The combined salaries of the CEO’s of the top 10 healthcare providers adds up to over 100 million dollars, with the CEO of Centene Corporation, Michael F. Neidorff bringing in the highest compensation of $21,968,983 in 2016.

According to the Centers for Medicare and Medicaid Services, the average American spent $9,596 on healthcare in 2012, and at least 30,000 Americans die annually because they can’t afford insurance. Democrats and Greens argue that all these costs would be eliminated under a single-payer system and almost limitless benefits would stem from it

They say the program would be funded by the savings accrued from replacing the old program with a nonprofit public paying system and with modest new taxes based on ability to pay. Americans would be able to allocate their money to other things, stimulating economic growth and simply keeping more people working instead of laying sick in a hospital bed.

In January, Michigan Rep. John Conyers reintroduced H.R. 676, The Expanded and Improved Medicare for All Act, which would establish the single-payer system. Despite the popularity of the system, however, the Wood County Green Party leaders outlined one key barrier preventing its passage: lobbying.

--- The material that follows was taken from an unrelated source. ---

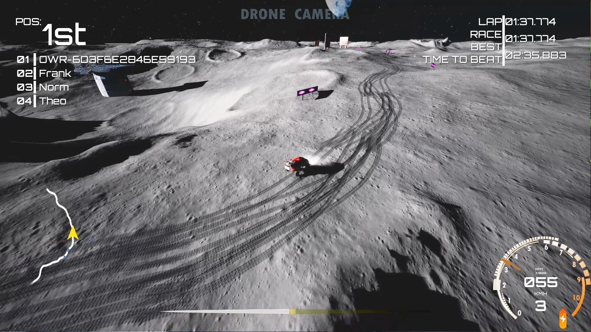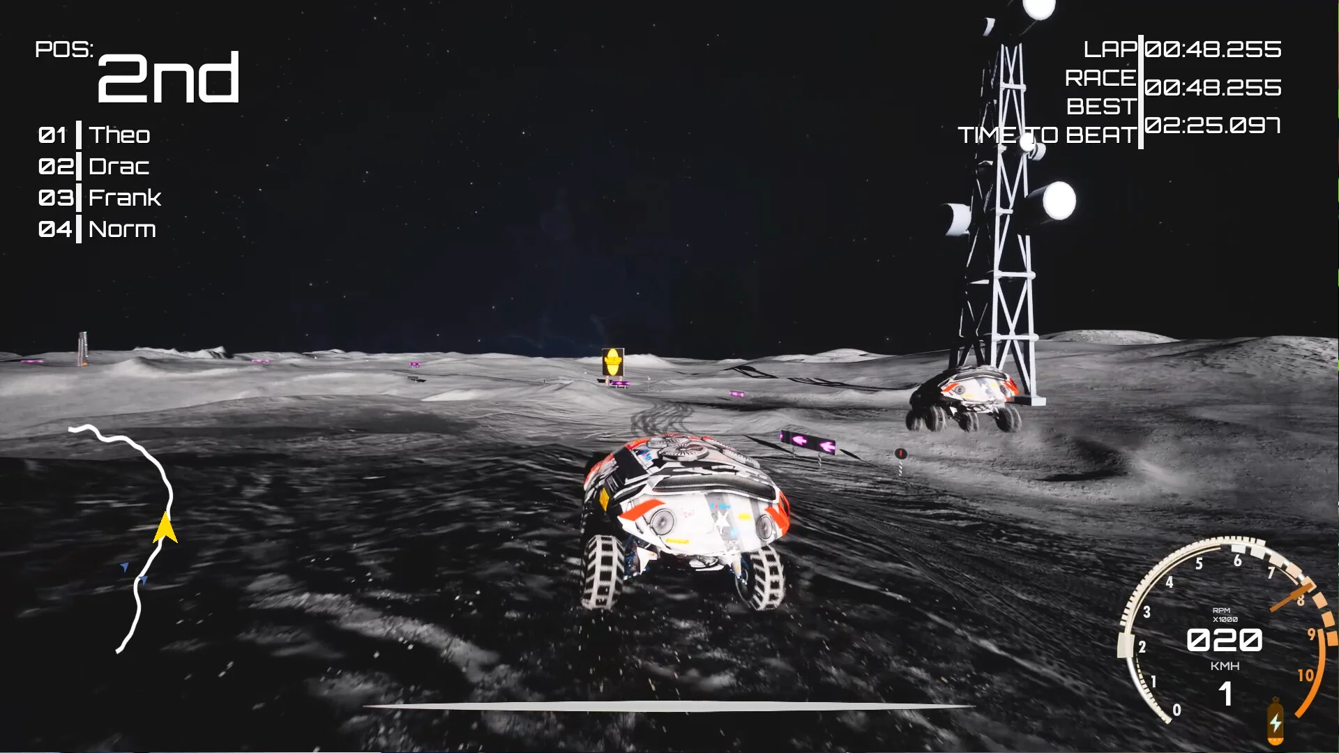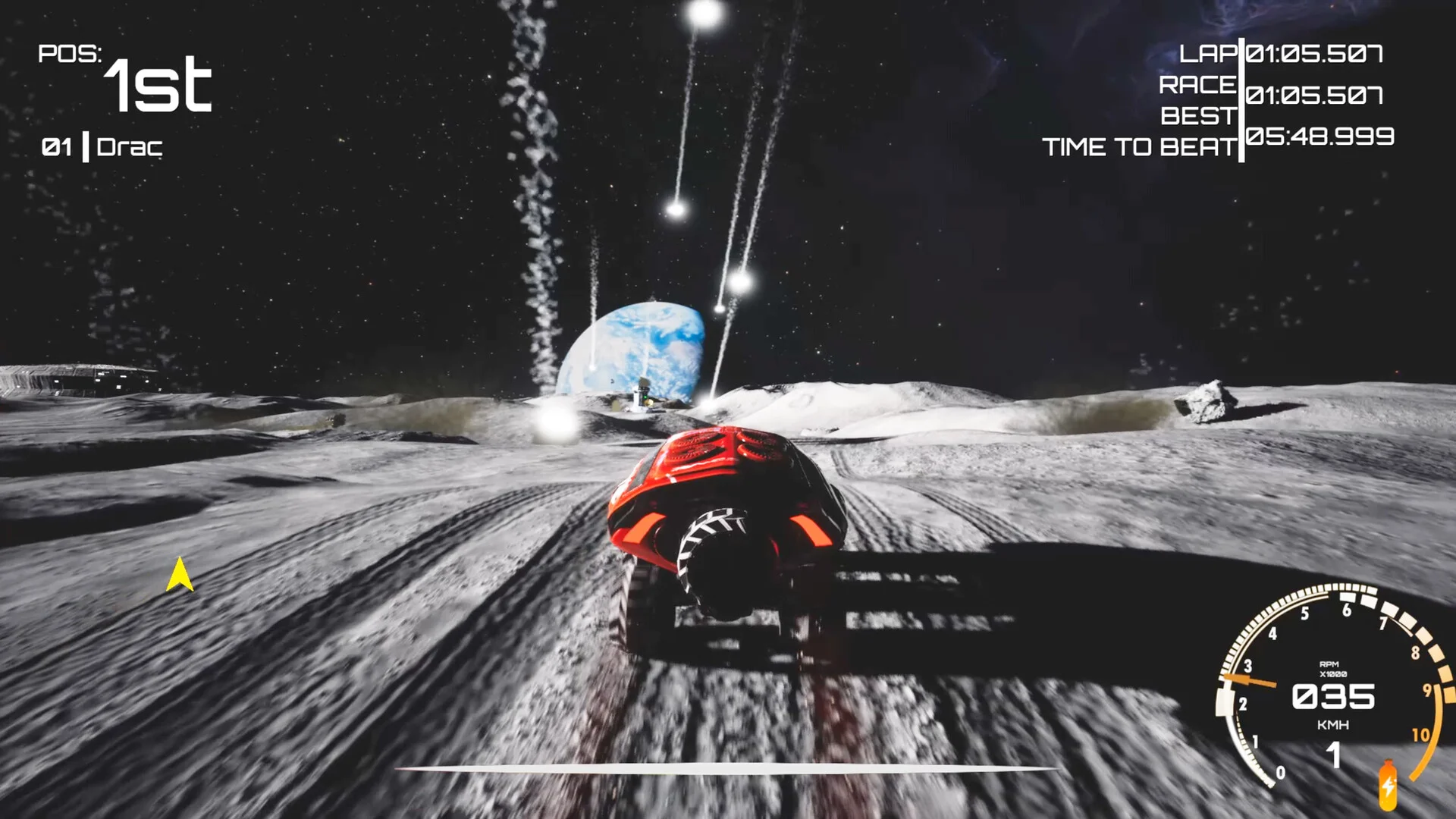 各惑星・衛星にはそれぞれ固有の環境が設定されており、月では低重力に翻弄されながらのコーナリングが求められ、火星では砂嵐の中をドリフトで駆け抜けることになります。

According to Represent.US, the insurance industry spent $147 million lobbying senators and house representatives in 2016 to pass the American Health Care Act that failed in July, which would have given more than $200 billion in tax cuts to insurance companies and create a system opposite of single-payer.

Green Party city council candidate Beverly Elwazani says that, while contacting state representatives is important, the most important thing Americans can do to ensure fair representation is to spread their accurate information and their personal stories.

“Whenever you get ahold of it, pass it along to your friends,” Elwazani said. “Verify it, make sure it is correct, and get it out there. A lot of people are thinking that the people they elected into office are acting in their best interest when that is far from the truth.”